### DATA SHOWN:

# # # #

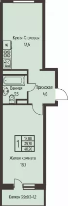 Продается однокомнатная новостройка, 41 кв.м., 2/3 эт
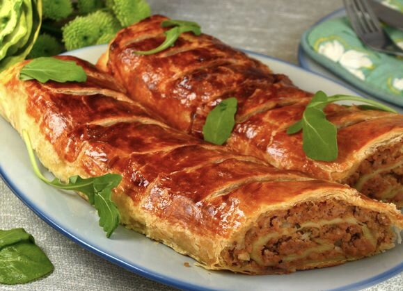 Говяжий фарш с томатной пастой, овощами и специями — отличная начинка для слоёного теста. Благодаря готовому тесту этот несладкий штрудель можно приготовить довольно быстро, поэтому блюдо идеально для семейного ужина после рабочего дня или на выходные. Продукты (на 6 порций)Тесто слоёное бездрожжевое - 300 гФарш говяжий - 500 гЛук репчатый - 100 г (1 шт.)Яйцо - 1 шт.Томатная паста - 30 г (2 ст. ложки)Сухари панировочные - 20 г (2 ст. ложки)Чеснок - 2-3 зубчикаОрегано сушёный - 1 ст. ложкаСоль - 1/2 ч. ложкиПерец чёрный молотый - 1/5 ч. ложкиМасло оливковое (для жарки) - 2-3 ст. ложки Штрудель с мясным фаршем Подготовьте все ингредиенты для мясного штруделя. Томатную пасту можно заменить томатным соусом или обычным кетчупом. Фарш предварительно разморозьте в холодильнике (говяжий можно заменить свино-говяжьим или свиным). Тесто тоже предварительно разморозьте. Чеснок и лук очистите. Сковороду разогрейте, влейте оливковое масло (1 ст. ложка), выложите фарш и обжарьте, постоянно помешив
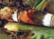 本病主要危害成熟蔗莖,病原菌由螟害等傷口侵入,被害莖節間內部組織呈現紅色程度濃淡不一、形狀大小不定之塊斑,而其間襯有白色橫斑為其特徵,可與其他原因之蔗莖赤變區別。被害嚴重時病斑佈滿節間全部甚或通過節部而延長數節間。本病亦發生於葉片與葉鞘,葉片於中肋產生周圍暗紅色、中央灰白色長度不一之條斑,後期於其上散生黑色小點,為分生孢子群;葉鞘則散生周圍紅色、中央暗褐色形狀不規則之塊斑,可互相連合成大病斑,由葉鞘內側觀察時病斑周圍呈朱紅色,中央黑褐色並略凹陷,其上亦散生黑色小點。

# # # #

### PROBLEM DETAILS:
The answer is the run of lines from the one with "Говяжий фарш с" through the final line of the data, copied exactly, and nothing else; no pictures.

### EXERCISE RESPONSE:
 Говяжий фарш с томатной пастой, овощами и специями — отличная начинка для слоёного теста. Благодаря готовому тесту этот несладкий штрудель можно приготовить довольно быстро, поэтому блюдо идеально для семейного ужина после рабочего дня или на выходные. Продукты (на 6 порций)Тесто слоёное бездрожжевое - 300 гФарш говяжий - 500 гЛук репчатый - 100 г (1 шт.)Яйцо - 1 шт.Томатная паста - 30 г (2 ст. ложки)Сухари панировочные - 20 г (2 ст. ложки)Чеснок - 2-3 зубчикаОрегано сушёный - 1 ст. ложкаСоль - 1/2 ч. ложкиПерец чёрный молотый - 1/5 ч. ложкиМасло оливковое (для жарки) - 2-3 ст. ложки Штрудель с мясным фаршем Подготовьте все ингредиенты для мясного штруделя. Томатную пасту можно заменить томатным соусом или обычным кетчупом. Фарш предварительно разморозьте в холодильнике (говяжий можно заменить свино-говяжьим или свиным). Тесто тоже предварительно разморозьте. Чеснок и лук очистите. Сковороду разогрейте, влейте оливковое масло (1 ст. ложка), выложите фарш и обжарьте, постоянно помешив
 本病主要危害成熟蔗莖,病原菌由螟害等傷口侵入,被害莖節間內部組織呈現紅色程度濃淡不一、形狀大小不定之塊斑,而其間襯有白色橫斑為其特徵,可與其他原因之蔗莖赤變區別。被害嚴重時病斑佈滿節間全部甚或通過節部而延長數節間。本病亦發生於葉片與葉鞘,葉片於中肋產生周圍暗紅色、中央灰白色長度不一之條斑,後期於其上散生黑色小點,為分生孢子群;葉鞘則散生周圍紅色、中央暗褐色形狀不規則之塊斑,可互相連合成大病斑,由葉鞘內側觀察時病斑周圍呈朱紅色,中央黑褐色並略凹陷,其上亦散生黑色小點。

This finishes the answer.